2. Purpose and Scope

The procedures and measures set out in this document must be followed at all times by SBXL, its employees, agents, contractors or other parties working for or on behalf of SBXL.

  • Data Protection Legislation is designed to protect the privacy and integrity of personal data held by SBXL, other businesses and organisations.
  • In the context of the data held by SBXL includes (and its status is in brackets):
  • Data that relates to employees. The processing and management of this data is covered separately in our employee policies and procedures (Data Controller). In addition, personal data is processed by David Evans & Co (accountants) and HELP (HR services) and is processed and stored subject to those parties terms and conditions;
  • Data that relates to our clients for whom we provide the Services (Data Controller or Processor);
  • Data that relates to the shoppers we engage with in the course of the provisions of the Services (Data Processor and in some circumstances joint Data Controller); and
  • Data from prospective clients who may be interested in the provision of Services or other third parties who may have queries (Data Processor and Controller).

3. Policy

Under GDPR there are six principles that are set out as the main responsibilities for organisations. These are:

  • 1st: Personal data must be processed lawfully, fairly and in a transparent manner in relation to individuals;
  • 2nd: Personal data must be collected for specified, explicit and legitimate purposes and not further processed in a manner that is incompatible with those purposes; further processing for archiving purposes in the public interest, scientific or
  • 3rd: Personal data must be adequate, relevant and limited to what is necessary in relation to the purposes for which it is processed;
  • 4th: Personal data must be accurate and, where necessary, kept up to date; every reasonable step must be taken to ensure that personal data that is inaccurate, having regard to the purposes for which it is processed, is erased or rectified without delay;
  • 5th: Personal data must be kept in a form which permits identification of data subjects for no longer than is necessary for the purposes for which the personal data are processed; personal data may be stored for longer periods insofar as the personal data will be processed solely for archiving purposes in the public t, scientific or historical research purposes or statistical purposes subject
  • 6th: Personal data must be processed in a manner that ensures appropriate security of the personal data, including protection against unauthorised or unlawful processing and against accidental loss, destruction or damage, using appropriate technical or organisational measures.”

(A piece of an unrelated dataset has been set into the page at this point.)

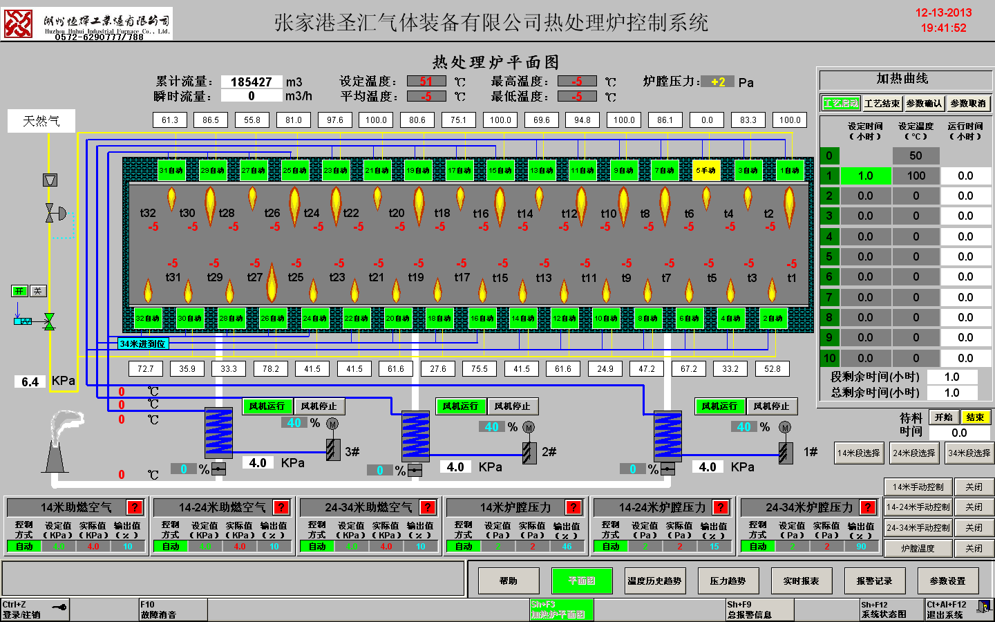 以西门子可编程逻辑控制单元作为整套控制系统的控制核心,辅以内置专用模糊算法。将炉膛温度,空气压力,燃料压力,预热介质温度,控制输出比例等各相关炉况参数集中采样,集中调节,集中显示。西门子可编程控制器系列具有稳定,高速,兼容性好等特点。同样以其作为控制核心单元的热处理控制系统也兼具了这些优点。

4. Lawful, Fair, and Transparent Data Processing

The GDPR seeks to ensure that personal data is processed lawfully, fairly, and transparently, without adversely affecting the rights of the data subject. The GDPR states that processing of personal data shall be lawful if at least one of the following applies:

  1. The data subject has given consent to the processing of his or her personal data for one or more specific purposes;
  2. Processing is necessary for the performance of a contract to which the data subject is a party or in order to take steps at the request of the data subject prior to entering into a contract;
  3. Processing is necessary for compliance with a legal obligation to which the controller is subject;
  4. Processing is necessary to protect the vital interests of the data subject or of another natural person;
  5. Processing is necessary for the performance of a task carried out in the public interest or in the exercise of official authority vested in the controller;
  6. Processing is necessary for the purposes of the legitimate interests pursued by the controller or by a third party, except where such interests are overridden by the fundamental rights and freedoms of the data subject which require protection of personal data.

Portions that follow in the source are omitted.